[[ Data provided, beginning ]]

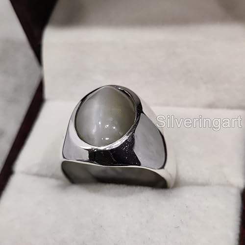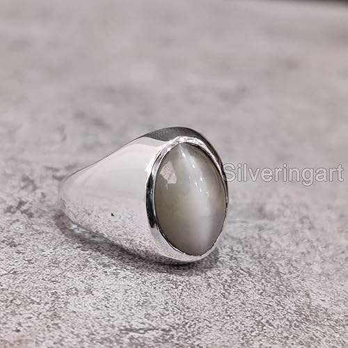แหวนเงินแท้ 925 สำหรับผู้ชาย ขายส่ง แหวนพลอยมูนสโตนสีเทาธรรมชาติ ของขวัญวันเกิด/วันครบรอบเดือนมิถุนายน
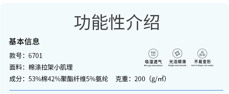 | Función material | Transpiración, resistencia al desgaste, absorción de humedad y sudor, alta solidez del color, otros |
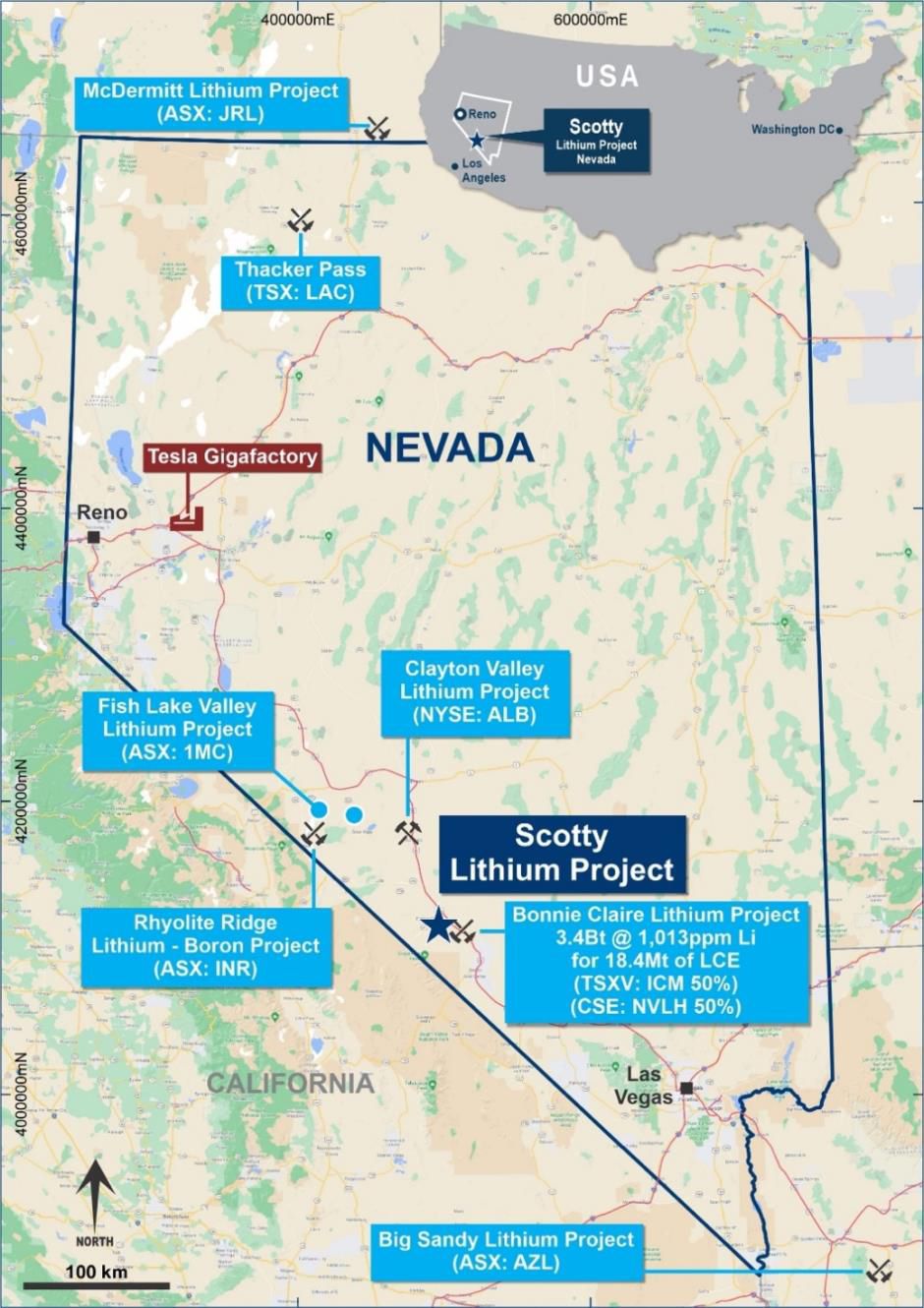 "The Scotty Lithium Project is located in Nevada immediately adjacent to one of North America's largest lithium resources. The Scotty Lithium Project is also located only 70km from the only lithium producing mine in the US, and just 300km from Tesla's Gigafactory.
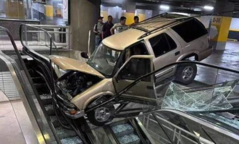 -A través de las redes sociales se dio a conocer que una camioneta de color dorado se estrelló contra las escaleras mecánicas del Centro Comercial el Sambil de Chacao.
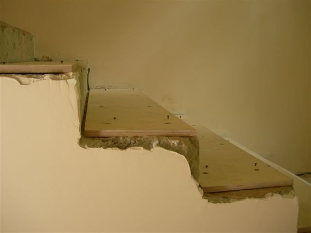 Le revêtement avec un revêtement préliminaire avec du contreplaqué est une méthode longue et coûteuse, mais elle est considérée comme la meilleure, car elle augmente considérablement la qualité et la durée de vie des escaliers.
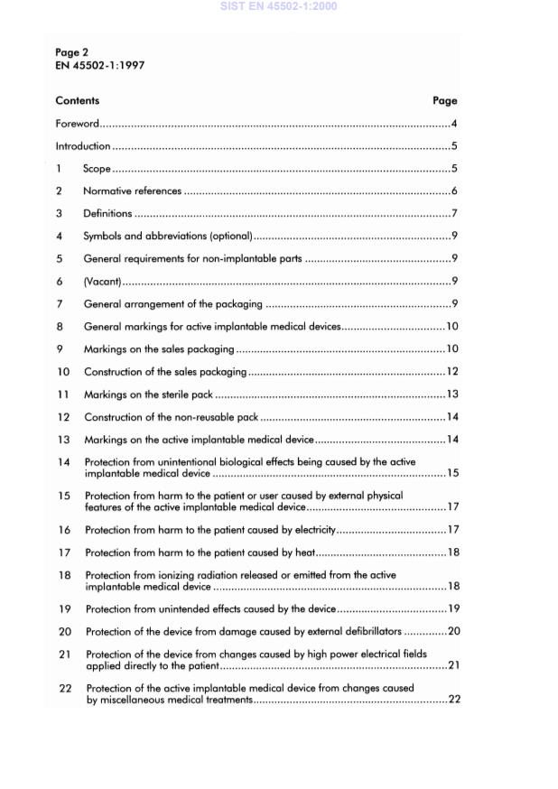 This Part 1 of EN 45502 specifies requiremnets that are generally applicable to ACTIVE IMPLANTABLE MEDICAL DEVICES. For particular types of ACTIVE IMPLANTABLE MEDICAL DEVICES, these essential requirements are supplemented or modified by the requirements of particular standards which form additional parts of this European Standard. The test that are specified in EN 45502 are type tests and are to be carries out on samples of a device to show compliance. This Part of EN 45502 is applicable not only to ACTIVE IMPLANTABLE MEDICAL DEVICES that are electrically powered but also to those powered by other energy sources ( for example by gas pressure or by springs.). This Part of EN 45502 is also applicable to some non-implantable parts and accessories of the devices (see note 1). NOTE 1: The device that is commonly referred to as an ACTIVE IMPLANTABLE MEDICAL DEVICES may in fact be a single device, a combination of devices, or a combination of a device or devices and one or more accessories. Not all of these parts are required to be either partially or totally implantable, but there is a need to specify some requirements of non- implantable parts and accessories if they could affect safety or performance of the implantable device. NOTE 2: The terminology used in this European Standard is intended to be consistent with the terminology of Directive 90/385/EEC. NOTE 3: In this European Standard, terms printed in SMALL CAPITAL LETTERS are used as defined in clause 3. Where a defined term is used as a qualifier in another term, it is not printed in small capital letters unless the concept thus qualified is also defined.
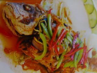 做法:1)将鱼处理干净 ,两面鱼身割划2-3刀 .烧热麻油把鱼煎熟 ,盛起备用 .
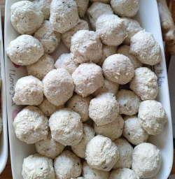 # 3. 成型与裹粉取适量豆腐馅,用手抓成直径2厘米左右的圆球,或搓成长条状
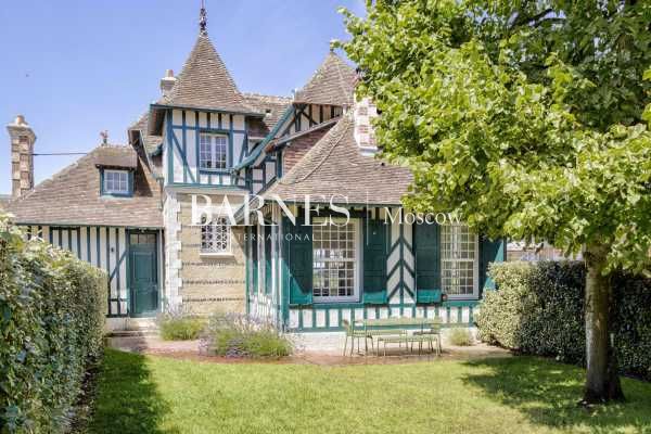 Deauville prime sector - A few yards from the beach, Barnes is advertising this magnificent Anglo-Norman villa over two levels that has been renovated with quality materials and features a hall with a cloakroom, a fitted and equipped kitchen opening onto a very bright 484 sq ft living room with a fireplace and solid oak parquet flooring, a vast bedroom on the ground floor with an en suite bathroom and a walk-in closet, a guest toilet and a laundry room. A beautiful staircase leads to four bedrooms and two wash rooms with a toilet. Charm, beautiful amenities and a great environment. This property also comes with a parking space, a cellar on the basement level and an enclosed garden
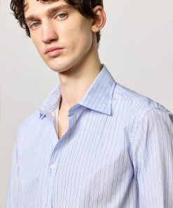 Shirt with pointed collar, front closure, cotton voile plastron detail and embroidered crest for numbering. Pointed back yoke with rounded hem. Regular fit. Crafted from yarn-dyed striped cotton poplin. Made in Italy.
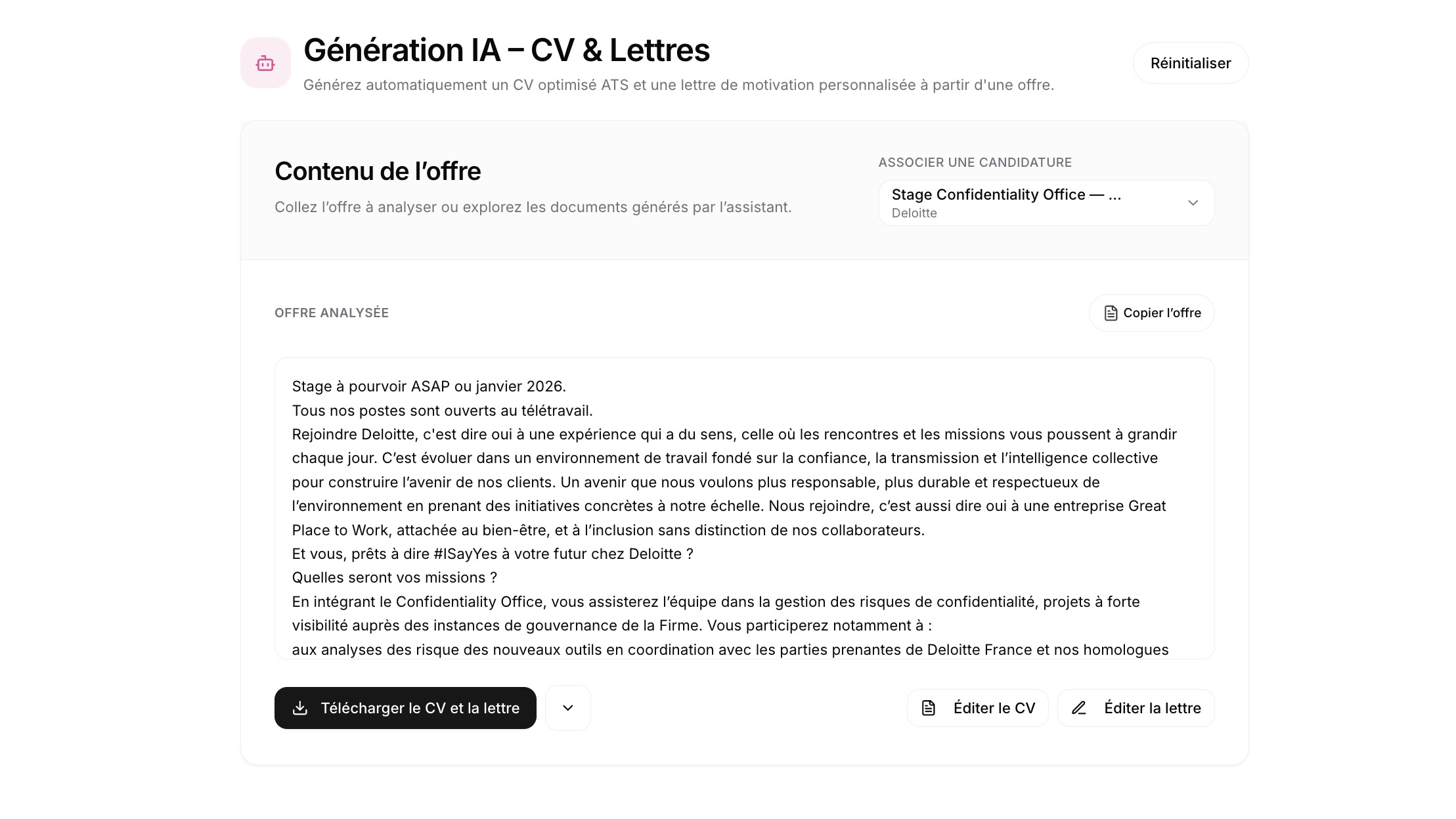 Colle le contenu de l'offre. L’outil extrait les infos et te propose un CV et une lettre adaptés ainsi que la fonctionnalité de l'enregistrer dans ton suivi de candidatures. Tu ajustes, tu exportes.
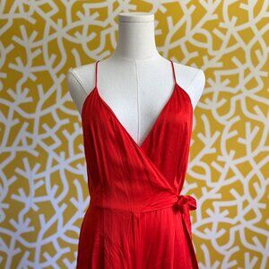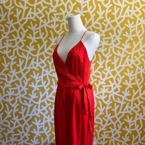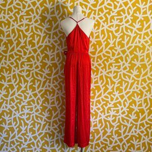 Scotch & Soda Cherry Red Silky Satin One-Piece Halter Jumpsuit w./ Pockets - SM
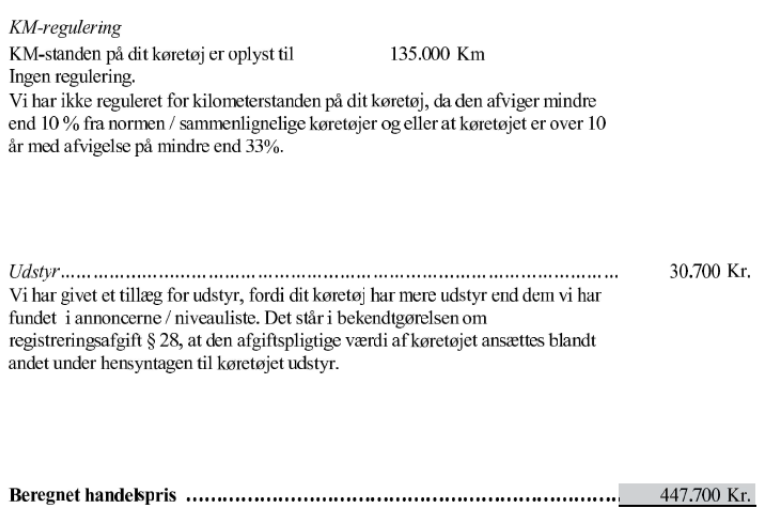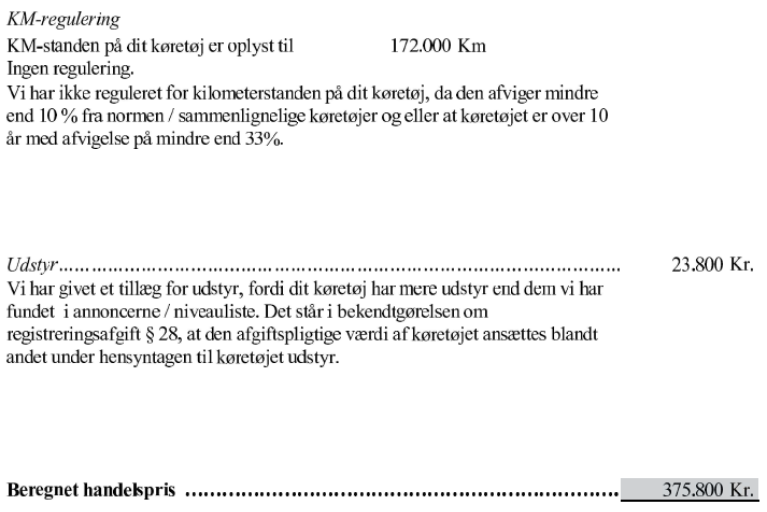 Uanset om det anførte kan fremstå lidt uklart formuleret, fremgår det med fuld fornøden tydelighed af det anførte, at, Motorstyrelsen, da de fremfundne køretøjer ikke var "direkte sammenlignelige" - altså ikke i tilstrækkeligt omfang identiske med det værdiansatte køretøj - foretog et skøn over de fremfundne handelspriser i stedet for at overføre de fremfundne handelspriser direkte til den omhandlede værdiansættelse, og at de ved dette skøn inddrog oplysningerne om kilometer, årgang og udstyr, idet køretøjerne på disse punkter netop var sammenlignelige.
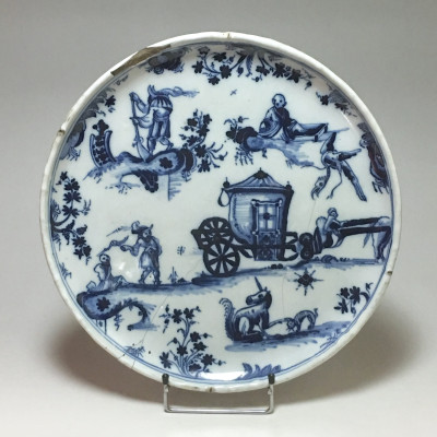 Plateau sur piedouche en faïence de Lyon décoré en camaïeu bleu d'un amusant décor de diverses grotesques, singe conduisant un carrosse, d'une licorne carressant un chat, bossu tenant un fusil etc... XVIIIe siècle.
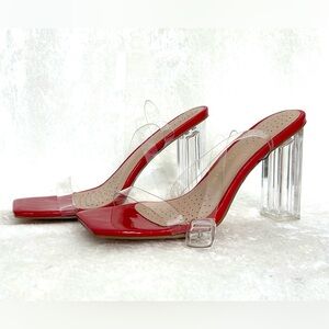 Azalea Wang Red with Transparent Straps and Clear Heels Square Toe Size …
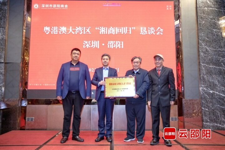 市委书记严华向深圳市邵阳商会颁授“邵阳市驻大湾区人才工作站”工作牌。

[[ Data provided, end ]]

Would you set down only the lines above from the line with "color, otros |" to the line with "Le revêtement avec", both included, exactly as they stand and without the pictures?

 | Función material | Transpiración, resistencia al desgaste, absorción de humedad y sudor, alta solidez del color, otros |
 "The Scotty Lithium Project is located in Nevada immediately adjacent to one of North America's largest lithium resources. The Scotty Lithium Project is also located only 70km from the only lithium producing mine in the US, and just 300km from Tesla's Gigafactory.
 -A través de las redes sociales se dio a conocer que una camioneta de color dorado se estrelló contra las escaleras mecánicas del Centro Comercial el Sambil de Chacao.
 Le revêtement avec un revêtement préliminaire avec du contreplaqué est une méthode longue et coûteuse, mais elle est considérée comme la meilleure, car elle augmente considérablement la qualité et la durée de vie des escaliers.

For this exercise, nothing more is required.